Propel Opinion: There are many in the sector who remain sceptical about whether the government can ever be persuaded to reduce VAT. Nobody ever claimed the battle will be won quickly. But by making our argument over and over again the sector will convince more and more people that there is a fundamental unfairness here that allows supermarkets to subsidise cheap alcohol. This weekend’s Press coverage seems like a watershed moment – many national newspapers set out of the unfairness of this tax disparity. These newspapers also carried opinion pieces on the subject. It is significant that no newspaper could find any kind of flaw in the logic of the sector’s argument on this.
Five things worth knowing from the JD Wetherspoon results on Friday:
Rent reviews are resulting in nil increases: Chief executive John Hutson reported that the majority of its five-yearly rent reviews are resulting in nil increases. Wetherspoon’s leases provide five-year periods of flat rent with a review that has, historically, meant increases to catch up with inflation. Nil rent increases mean the company’s rent bill is reducing in real terms. Hutson said: “Generally, rents have gone up by more than inflation (in the past) – that hasn’t happened in the last few years.” The flat rent environment is a result of a lack of demand for sites from competitors, Hutson said. “There’s no demand for sites from people doing what we are doing,” he said.
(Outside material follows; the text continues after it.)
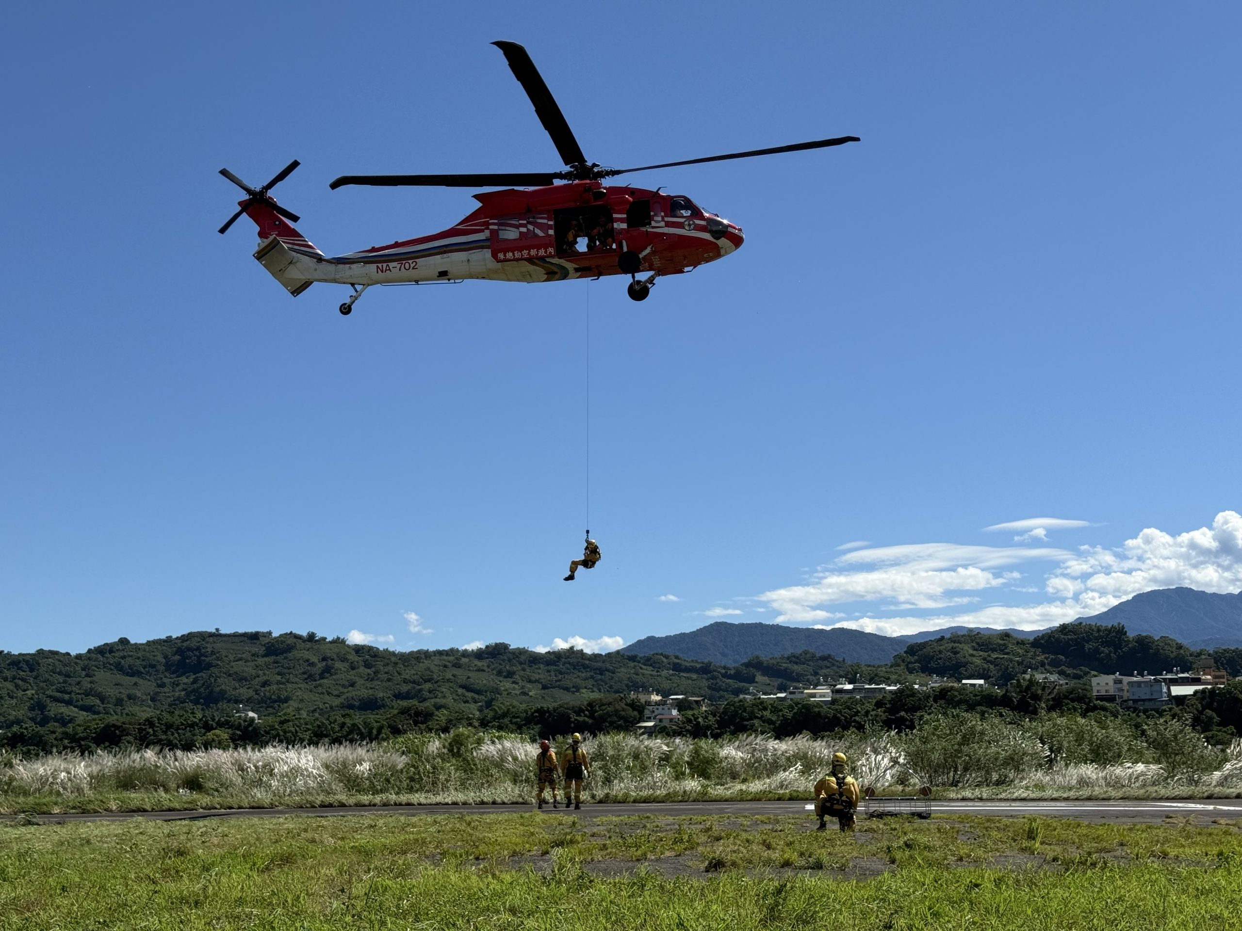 提升防救災效率及量能,辦理防火演練外,與空中勤務總隊聯合辦理十一場直升機水袋及人員吊掛訓練,建構地空一體的立體救災網絡。

Landlords insurance reductions followed by others: JD Wetherspoon has reduced its landlords’ insurance bill by £1m per annum after comparing quotes with open market rates. Hutson reported that the reductions stemmed from Wetherspoon’s track record of running very safe pubs. “Landlords have been very co-operative,” he said. The company had been telephoned by Sainsbury’s for advice on reducing premiums, Hutson added.
Like-for-likes surge not driven by additional discounting: John Hutson denied that the large like-for-like sales increases achieved since last summer had been created through additional discounting. “There is no magic (discounting) tap we can turn on – if there was we’d be drinking from it all the time,” he said. Like-for-like sales increases had, instead, resulted from making the most of major events last year, mounting strong food and drink promotions and “upgrading the business in every way we can think of”. He added: “Costs are rising by more than inflation. The way to square the circle is to grow sales by more than inflation.” Hutson said, however, that the company is not expecting like-for-likes to “carry on at the same rate in 2013”, forecasting increases of around 3%. Finance director Kirk Davis reported that the company’s like-for-like increases of 6.9% in the 26 weeks to 27 January would have been even better but for two weeks of snow in January when sales across the estate were flat.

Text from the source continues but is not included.